MICROGREEN BUSINESS GUIDE · BELLEROSE, NY
Start a microgreen business in Bellerose, NY.
Most Bellerose residents do not realize how much of the microgreens served on Jericho Turnpike, Hillside Avenue, and across the Floral Park line travel down from upstate distributors or in from out of state. By the time they reach the plate, the harvest is a week behind. The Bellerose grower who shortens that chain pays themselves first.
Quick Answer
You can start a microgreen business in Bellerose with under $400 in initial equipment and grow it into a $2,500 to $6,500 per month side income within 90 days. Here is the local demand picture, the unit economics at Nassau wholesale prices, and the operating system used by the working microgreen farms.

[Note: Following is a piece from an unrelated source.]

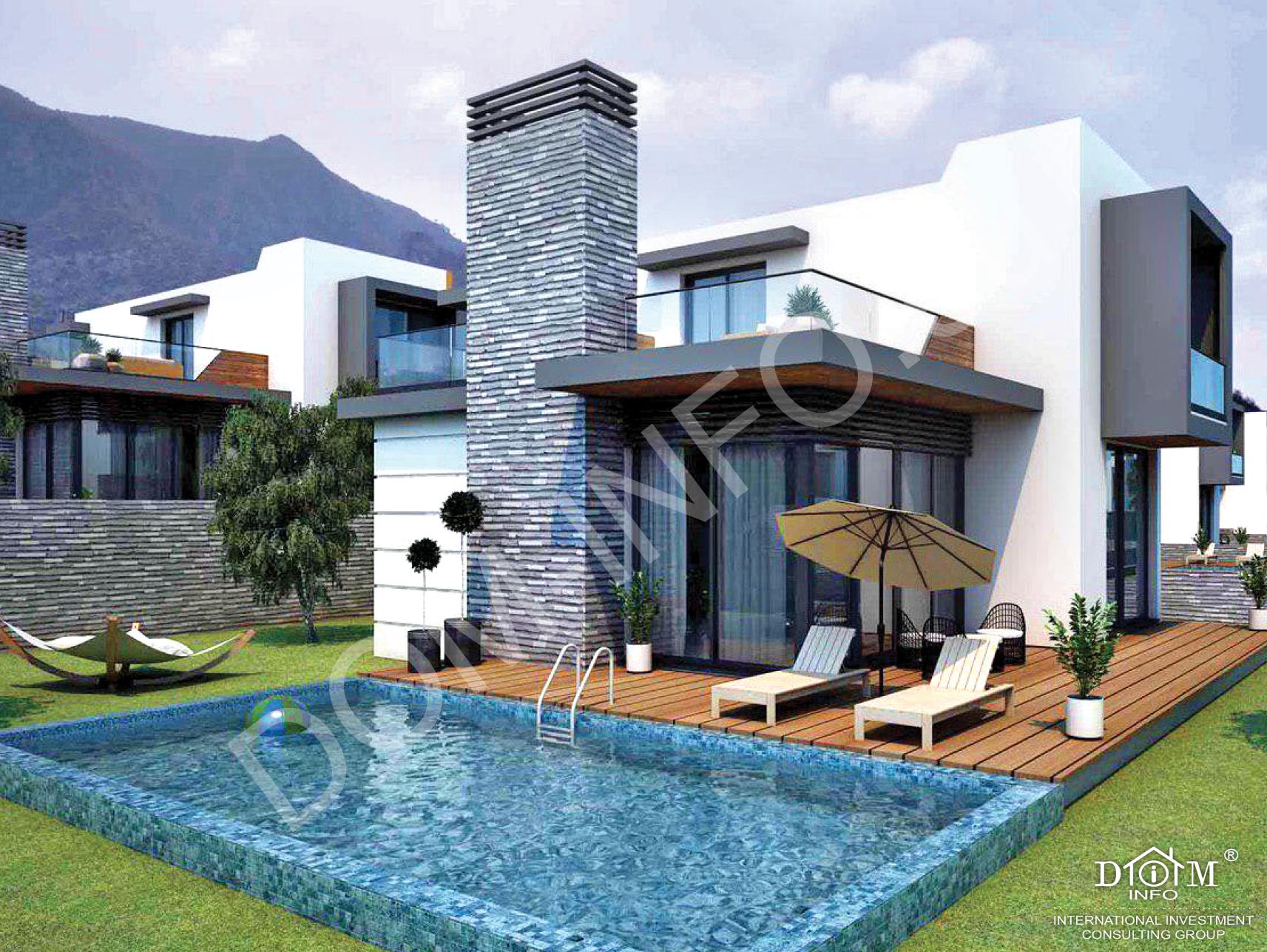 Проект размещен на участке из 26 вилл (175 м2 и 215 м2) с великолепным видом на море и горы.

Walk into five sit-down restaurants in the Bellerose and Floral Park strip on a Tuesday and ask where their microgreens come from. How often does the answer name a Long Island grower instead of a distributor truck?
What Bellerose buys today
Bellerose is one of Nassau County's smallest incorporated villages, a quiet residential pocket on the Queens line just east of Belmont Park. Its restaurant demand pulls from a thick ring of dining strips just outside the village: the Hillside Avenue South Asian corridor in Floral Park and Queens Village, the Jericho Turnpike pub and Italian belt, and the catering kitchens that serve Belmont Park races and events.
The Bellerose LIRR stop sits in the middle of a dense commuter pattern, and weekend farmers markets in surrounding villages pull a willing-to-pay direct-to-consumer crowd. A Bellerose grower has dozens of qualified chef accounts within a ten minute drive and a built-in demographic that pays for quality.

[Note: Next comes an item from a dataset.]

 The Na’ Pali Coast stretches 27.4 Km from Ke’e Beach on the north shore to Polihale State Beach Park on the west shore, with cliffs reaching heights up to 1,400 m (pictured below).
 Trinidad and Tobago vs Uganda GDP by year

For indoor growing, Bellerose's main consideration is humid coastal summers and cold winters. A spare room, basement, or insulated garage with a small dehumidifier and a window AC holds the 65 to 75 degree microgreen window year round, and once that is dialed in the climate stops mattering.
Every week you wait, another thirty trays of revenue walks past your door on a refrigerated truck from somewhere else. What happens to your shot at the Hillside Avenue accounts when next year's growers already have them signed?
The math, in Bellerose prices
Nassau County restaurant wholesale prices for microgreens run at the mid metro tier, with chef-owned spots paying premium for cut-to-order local product. Here is what the unit economics look like at conservative Bellerose numbers.
Startup cost
$400
Trays, soil, seed, lights. Used gear cuts this in half.
Per-tray net
$20-$30
After seed, soil, packaging, delivery.
Trays per week
100
Target for $3K-$5K/mo at Bellerose pricing.
Break-even week
Week 4
First positive cash week. Most growers hit it.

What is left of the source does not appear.